BEGIN Given information
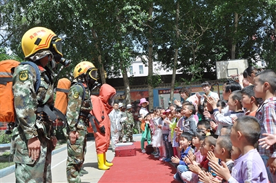 為了讓孩子們提高安全防火意識,6月9日,青藏兵站部機關(guān)幼兒園的教師帶領(lǐng)孩子們前往城西區(qū)消防中隊進行參觀,在現(xiàn)場,官兵們?yōu)楹⒆觽冄菔玖藴缁稹⒎阑鸬膱鼍埃o孩子們留下了深刻的印象。
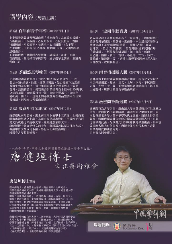 继7月1日的第一讲《百年南音千年情》和8月5日的第二讲《茶韵悠长琴味苦》讲座结束后,受到广大南音、古琴迷的追捧,唐健垣博士将于9月2日至12月2日在香港跑马地,陆续开展中华千年文化主题讲座,其中第五讲的《南音檀扳断人肠》同样值得琴曲爱好者的关注,欢迎广大爱好者前来领略中华千年文化的朴与美!
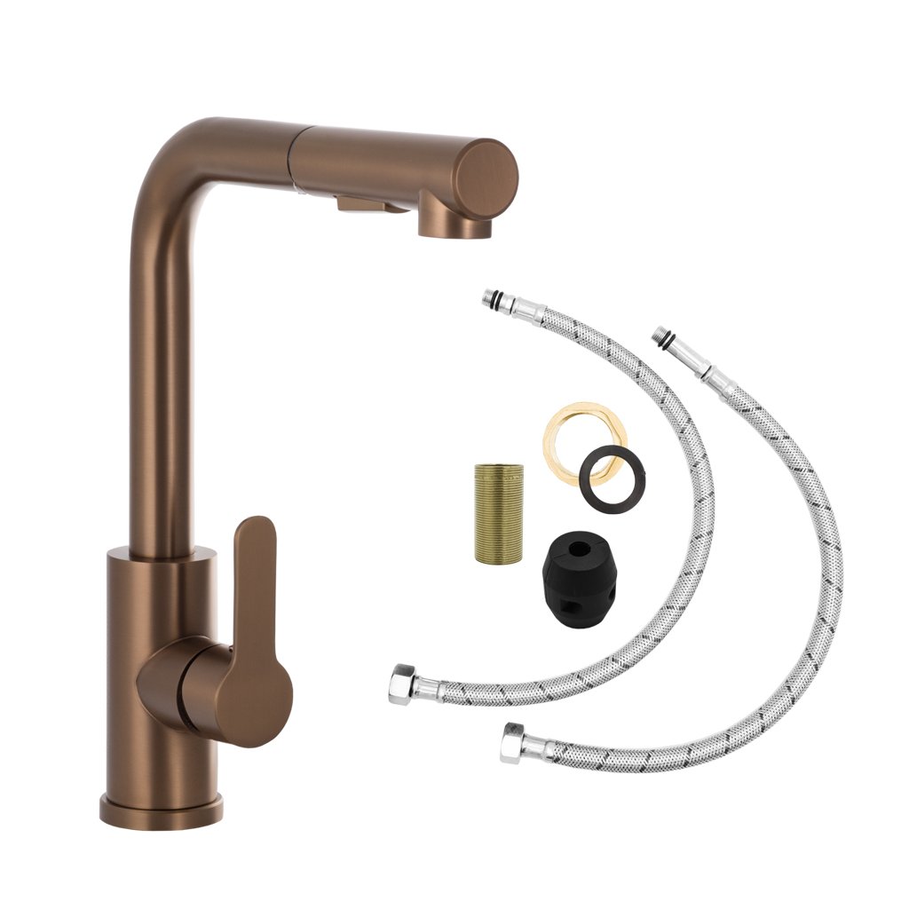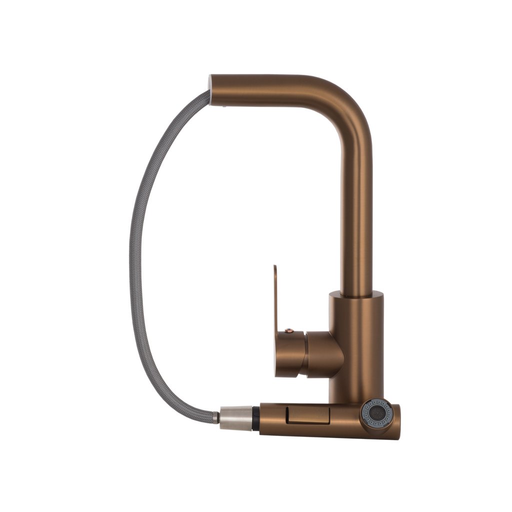 Gamma Side 2, stojanková drezová batéria s výsuvným výtokom h-300, medená matná, GMA-BSE2-BRGD
END Given information
§ What you will do
Would you reproduce the lines above exactly, without carrying over the pictures?

§ Written response
 為了讓孩子們提高安全防火意識,6月9日,青藏兵站部機關(guān)幼兒園的教師帶領(lǐng)孩子們前往城西區(qū)消防中隊進行參觀,在現(xiàn)場,官兵們?yōu)楹⒆觽冄菔玖藴缁稹⒎阑鸬膱鼍埃o孩子們留下了深刻的印象。
 继7月1日的第一讲《百年南音千年情》和8月5日的第二讲《茶韵悠长琴味苦》讲座结束后,受到广大南音、古琴迷的追捧,唐健垣博士将于9月2日至12月2日在香港跑马地,陆续开展中华千年文化主题讲座,其中第五讲的《南音檀扳断人肠》同样值得琴曲爱好者的关注,欢迎广大爱好者前来领略中华千年文化的朴与美!
 Gamma Side 2, stojanková drezová batéria s výsuvným výtokom h-300, medená matná, GMA-BSE2-BRGD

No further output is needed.